W. Va. Code R. § 85-20-31

Current through Register Vol. XLI, No. 24, June 14, 2024
Section 85-20-31 - Treatment Guidelines: Orbital Fracture
31.1. Fractures of the orbit may be indirect, resulting in a "blowout" of the orbital floor or medial wall, or direct involving fractures of the orbital rims.
31.2. The appropriate diagnostic criteria consists of a history of blunt trauma to the eye, usually by an object larger then the bony orbital opening. The eye may appear proptosis or enophthalmic. Ocular motility is usually diminished. There is usually numbness over the cheek due to injury to the infraorbital nerve. There may be a palpable fracture of the orbital rim. There may also be a fracture of the zygomatic arch.
31.3. The appropriate diagnostic tests and examinations are as follows:
a. A comprehensive examination by an ophthalmologist is necessary, including a visual acuity, slit lamp examination and dilated fundus examination;
b. X-ray of the orbits; and
c. Coronal CT scans.
31.4. Appropriate treatment is as follows:
a. In uncomplicated cases outpatient treatment is appropriate and consists of the following:
1. Outpatient follow-up for 1 - 2 weeks;
2. Oral antibiotics; and
3. Analgesics may be required.
b. Inpatient treatment is appropriate for severe fractures or other complicated injuries. Treatment consists of the following:
1. Surgical repair;
2. Medications include antibiotics and analgesics; and
3. Hospitalization from 1 - 3 days.
31.5. The estimated duration of care is as follows:

Diplopia may resolve spontaneously within one to two weeks with small fractures not requiring repair. Double vision generally resolves within two to three weeks after surgical repair unless there is intrinsic damage to the extraocular muscles.

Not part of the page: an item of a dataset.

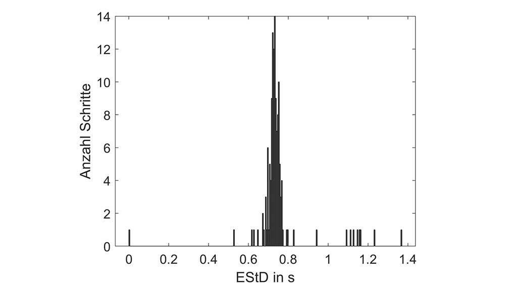 Die KMS-Daten konnten bis auf einen Datensatz (ESAR, Laufband, 1.17 m/s) ausgewertet werden. Im Histogramm (Abb. 5) sind beispielhaft die EStD dargestellt. Diese werden wiederum nach dem Maximum und dessen Verteilung bewertet. Die Einzelschritte, die dem Mittelwert und der Varianz der EStD entsprechen, wurden auf 100 % der Standphasen normalisiert und von den KMS-Daten der jeweilige Mittelwert sowie die Perzentile (+/- 90%) berechnet (Abb. 6). Bei einer Messdauer von mehr als 3 Minuten pro Messung ergeben sich somit zwischen 100 und 350 repräsentative Einzelschritte. Somit können z. B. Hinweise auf die Variabilität des Gangbildes gewonnen werden. Im Folgenden wurde die Korrelation der EStD zwischen dem Gehen auf dem Laufband sowie dem freien Gehen untersucht (Abb. 7). Die Auswertung zeigt eine sehr gute Korrelation der EStD zwischen dem Gehen auf dem Laufband und dem freien Gehen mit schneller (0.66 s +/- 0.01) und mittlerer Geschwindigkeit (0.75 s +/- 0.03). Beim Gehen mit langsamer Geschwindigkeit (1.17 s +/- 0.07) konnte unabhängig vom Prothesenfuß eine um bis zu 0.2 s schnellere EStD beim freien Gehen beobachtet werden. Dies lässt sich vermutlich mit der ineffizienten, langsamen Gehgeschwindigkeit auf dem Laufband begründen 25. Die Abweichung der Messdaten zur EStD auf dem Laufband und mit dem KMS liegt bei +/- 3 %.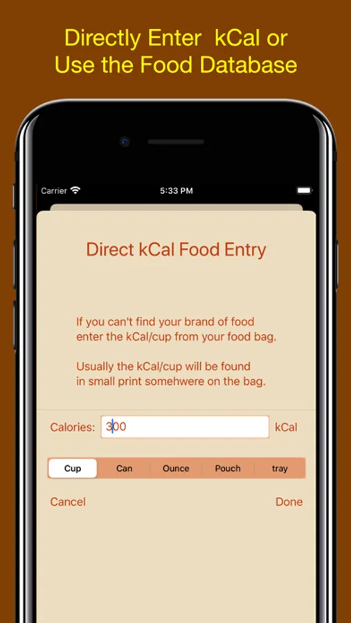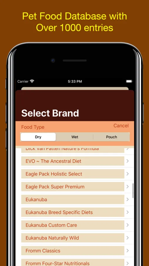 • Includes a Dog and Cat food database, with over 1000 entries for Dog and cat food.

Modified work may be required with diplopia resolved. Heavy work can generally be resumed three weeks after injury if surgery is not required, or three weeks after surgical repair.

31.6. The anticipated outcome is resolution of diplopia and normal functioning of the eye. Numbness over the cheek may persist for one year or longer and is not affected by surgical repair.